(Dataset entries)
☆ ☆ ☆ ☆
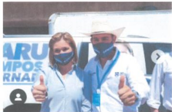
Imagen cuarenta y cuatro
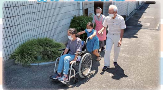
(写真:車いす体験の様子)

夏休み福祉体験を実施しました。 参加者数は2名でした。当日は車いす体 験やボッチャ体験、認知症サポーター養成 講座を実施しました。
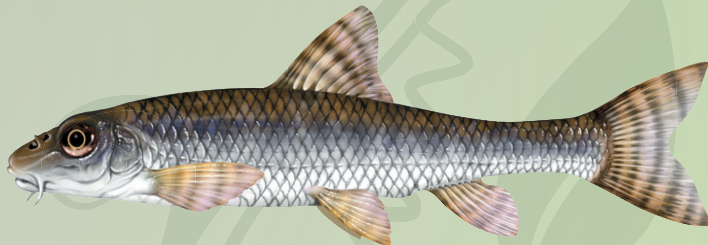
© Illustration de poisson / P.J. Dunbar
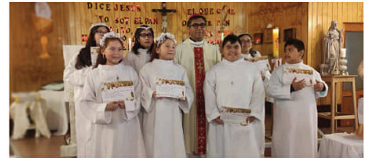
LA COMUNIDAD BIEN PASTOR DE PUERTO NATALES CELEBRÓ LAS PRIMERAS COMUNIONES JUNTO AL PASTOR DIOCESANO.
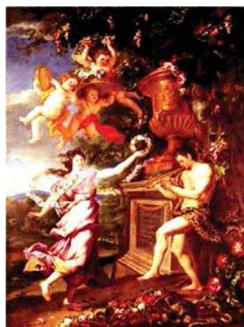
تصویر ۲۳ نقاشی رنگروغن اثر الکساندر اولبکسی
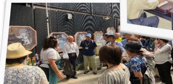
○ 研究のための現地見学の様子（灘菊酒造）
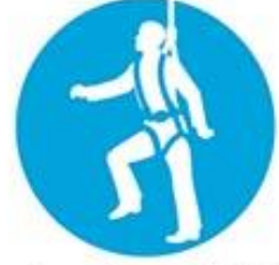
Emniyet kemeri kullan
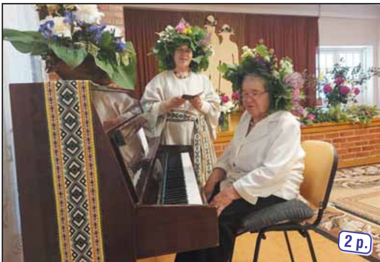
Sveikinimas Pabaltijo šalių Jonams ir Janinoms.
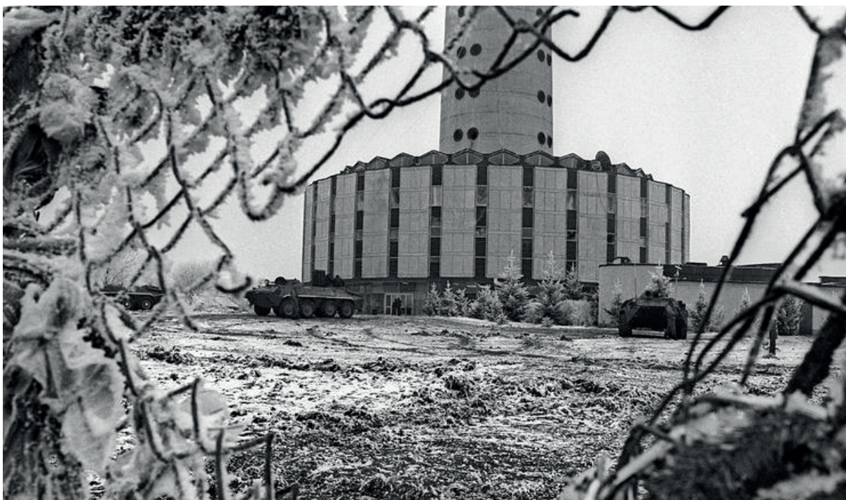
У здания телебашни в Вильнюсе, 1991 год

Через день после выхода этого репортажа Первый Балтийский канал был отключен. Позже решением литовского суда вещание ПБК было остановлено на три месяца, а программа «Человек и закон» в Литве запрещена навсегда. При этом В. Ландсбергис и другие фигуранты расследования не подавали против его авторов исков о защите чести и достоинства, не судились с ними о клевете — юридическим основанием блокировки телеканала стало законодательство 2010 года, запрещающее отрицание «преступлений оккупационных режимов».
☆ ☆ ☆ ☆
**WORK ITEM**
Write out exactly and only the lines that run from the start of the data above through the line containing "У здания телебашни в Вильнюсе, 1991 год", leaving the pictures out.

**ANSWER BELOW**
Imagen cuarenta y cuatro
(写真:車いす体験の様子)

夏休み福祉体験を実施しました。 参加者数は2名でした。当日は車いす体 験やボッチャ体験、認知症サポーター養成 講座を実施しました。
© Illustration de poisson / P.J. Dunbar
LA COMUNIDAD BIEN PASTOR DE PUERTO NATALES CELEBRÓ LAS PRIMERAS COMUNIONES JUNTO AL PASTOR DIOCESANO.
تصویر ۲۳ نقاشی رنگروغن اثر الکساندر اولبکسی
○ 研究のための現地見学の様子（灘菊酒造）
Emniyet kemeri kullan
Sveikinimas Pabaltijo šalių Jonams ir Janinoms.
У здания телебашни в Вильнюсе, 1991 год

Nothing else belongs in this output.